My puff pastry comes with two sheets, each sheet gives me 6 pieces. If you want to use both sheets (for 12 pieces) thaw both sheets by removing them from the freezer and letting them set on the counter at room temperature for 30-40 minutes. If you only use one sheet, keep the second sheet in the freezer for another date.
Unfold the puff pastry on a lightly floured surface.
Cut into 6 equal squares. (I do this by cutting it in thirds, down the seams and then once through the middle. Refer to blog post to see this visually).
Optional but fun: Using a knife, lightly score a ½-inch border around each square (don’t cut all the way through). This creates a little puffed crust edge!
Dock the center with a fork (poke the dough with the tines of the fork to keep air bubbles from forming).
Spread a thin layer of pizza sauce inside the scored border.
Sprinkle mozzarella + parmesan on top. Add pepperoni if using.

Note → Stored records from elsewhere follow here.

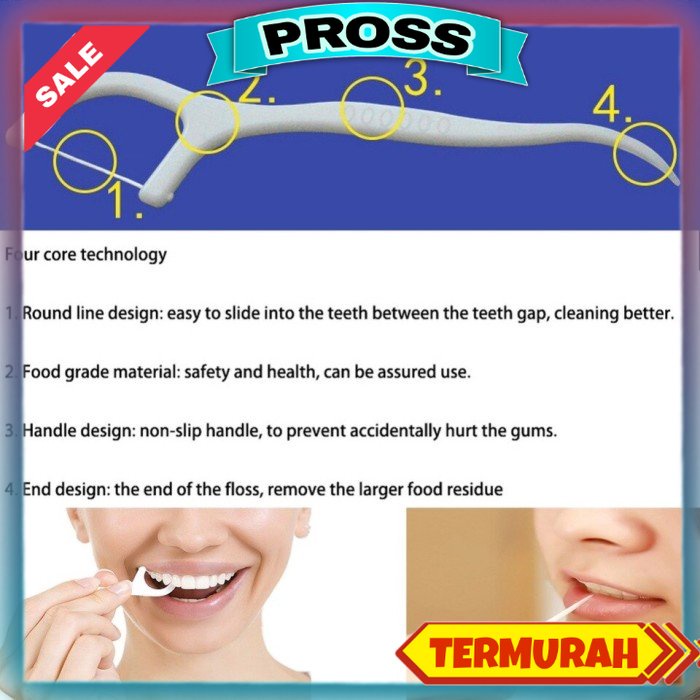 Cara Penggunaan Tusuk Gigi/Dental Floss&Pick : *Masukkan benang tepat disela antara 2 gigi, dengan cara perlahan-lahan menarik mundur agar benang masuk. *Saat menarik maju dan mundur juga gerakkan keatas dan kebawah, agar kotoran dan sisa makanan dapat dibersihkan. *Di bagian gusi & belakang gigi yang sudah dibersihkan dapat menggunakan tusukan gigi untuk membersihkan sisa makanannya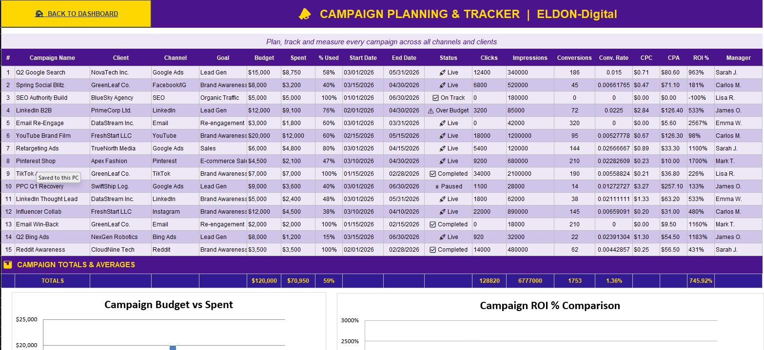 π£ Campaign Planner β Log campaigns across Google Ads, Facebook, Instagram, LinkedIn, TikTok, YouTube, Email, SEO, and more. Budget vs. spent, CTR, CPC, CPA, Conversions, and ROI all calculate automatically.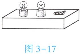 17. (★★★)如图3-17所示是一个封闭的电路盒,盒面上有两只灯泡和一个开关,拨动开关,两只灯泡或一齐亮,或一齐灭。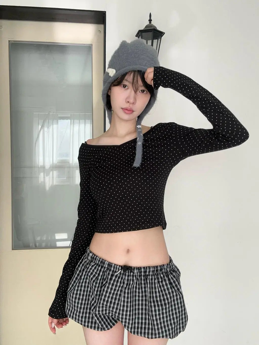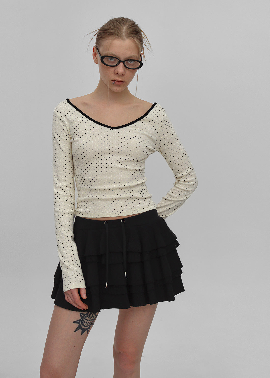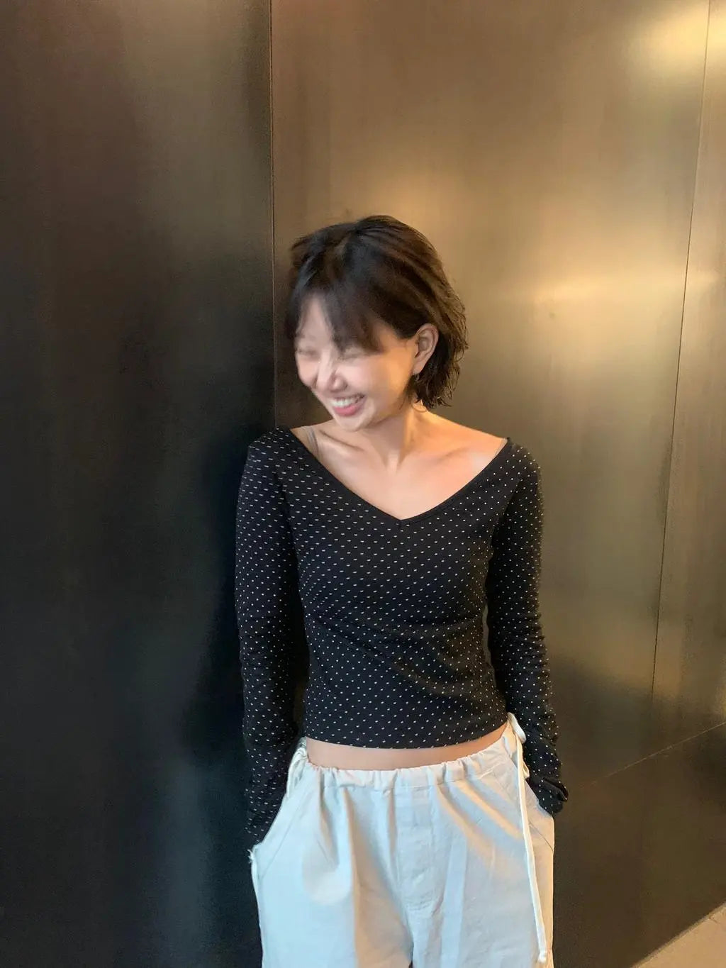 [้Ÿ“ๅœ‹่ฃฝ้€ ๐Ÿ‡ฐ๐Ÿ‡ท] BLACKUP Dot V-Neck Long Sleeve Tee / 2colors

Brush edges lightly with olive oil. Add flaky sea salt around the “crust” of the pieces.
Bake 15-18 minutes until:
• Deep golden brown edges
• Cheese bubbling
• Bottom crispy (very important)
Let cool slightly.
Tear apart little pieces of goat cheese and scatter them on top of the pizzas. Drizzle generously with hot honey.
Scatter torn fresh basil.
Add flaky salt.
For serving size: My puff pastry comes with two sheets. Each sheet gives me 6 pizzas. Plan on about 2-3 pieces per person (unless this is being served as an appetizer). I first cut it in thirds along the seams. And then once through the middle!